PURPOSE: The aim of this study was to review the causes of the epilepsies in our institution, an adult tertiary referral center for neurology and neurosurgery in Dublin, Ireland. Data was obtained from a bespoke epilepsy electronic patient record (EPR). METHODS: Predetermined search parameters of well-established broad categories of epilepsy aetiology were used to identify patients with a diagnosis of epilepsy attending Beaumont Hospital, Dublin. There were 3216 patients that met the inclusion criteria for this study. We included living patients with epilepsy attending our institution. We then excluded patients with a diagnosis of pure non-epileptic attack disorder and patients found to have idiopathic generalised epilepsy (IGE) (n = 382) from our final cohort. We excluded IGE due to the complex polygenic basis underlying this patient group.
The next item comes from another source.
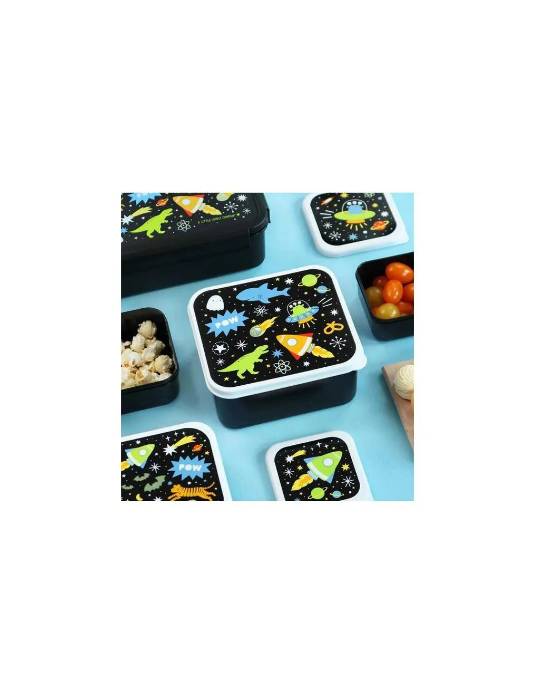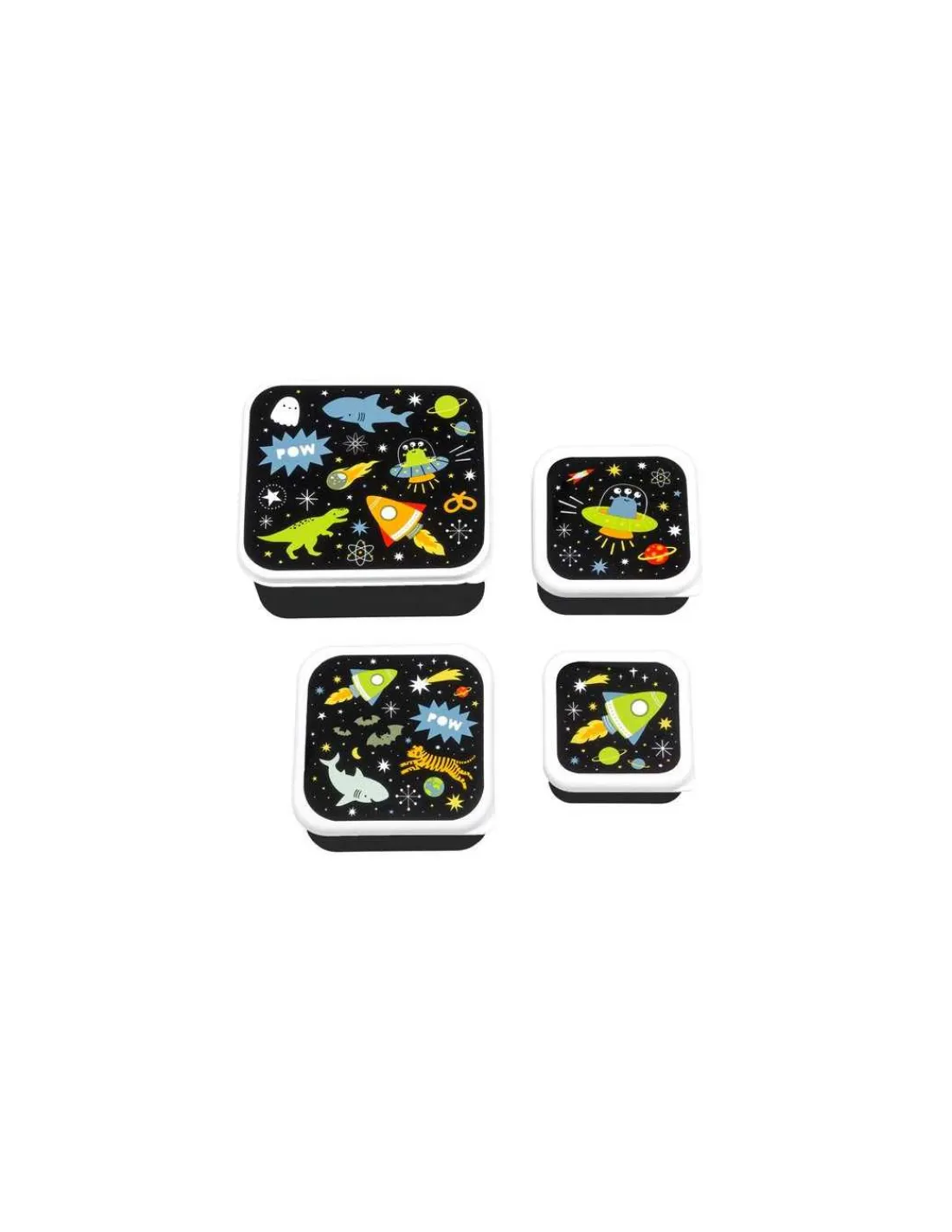 4 jolies boites à goûter de tailles différentes pour conserver les aliments sur le thème de l’espace. Un cadeau ludique, original et pratique pour les enfants ou les adultes.

RESULTS: An aetiology was identified in 54.3 % (n = 1747) of the total number of patients studied. Of the symptomatic epilepsies, 41.08 % (n = 1321) were acquired and 13.3 % (n = 426) were predominantly of genetic or developmental aetiology. The most common causes of the acquired epilepsies were hippocampal sclerosis (n = 380; 28.75 %), cerebral tumor (n = 279; 21.06 %), traumatic brain injury (n = 248; 18.77 %), stroke and cerebrovascular disease (n = 151; 11.43 %) and perinatal causes (n = 138; 10.45 %). The leading causes in the genetic / developmental category included cavernous haemangiomas (n = 62, 22.22 %), arteriovenous malformations (n = 59; 21.15 %) and cortical dysplasia (n = 55; 19.71 %). The aetiology of a patient's epilepsy was undetermined in 45.68 % (n = 1469) of individuals. CONCLUSION: This study emphasizes the clinical utility of the ILAE's 2017 revised classification of the epilepsies and highlights the evolving dynamic nature of attributing causality in epilepsy. This is the largest single centre analysis of the aetiology of the epilepsies described in the literature. It is also the first large scale study examining aetiology utilising a bespoke electronic patient record in epilepsy.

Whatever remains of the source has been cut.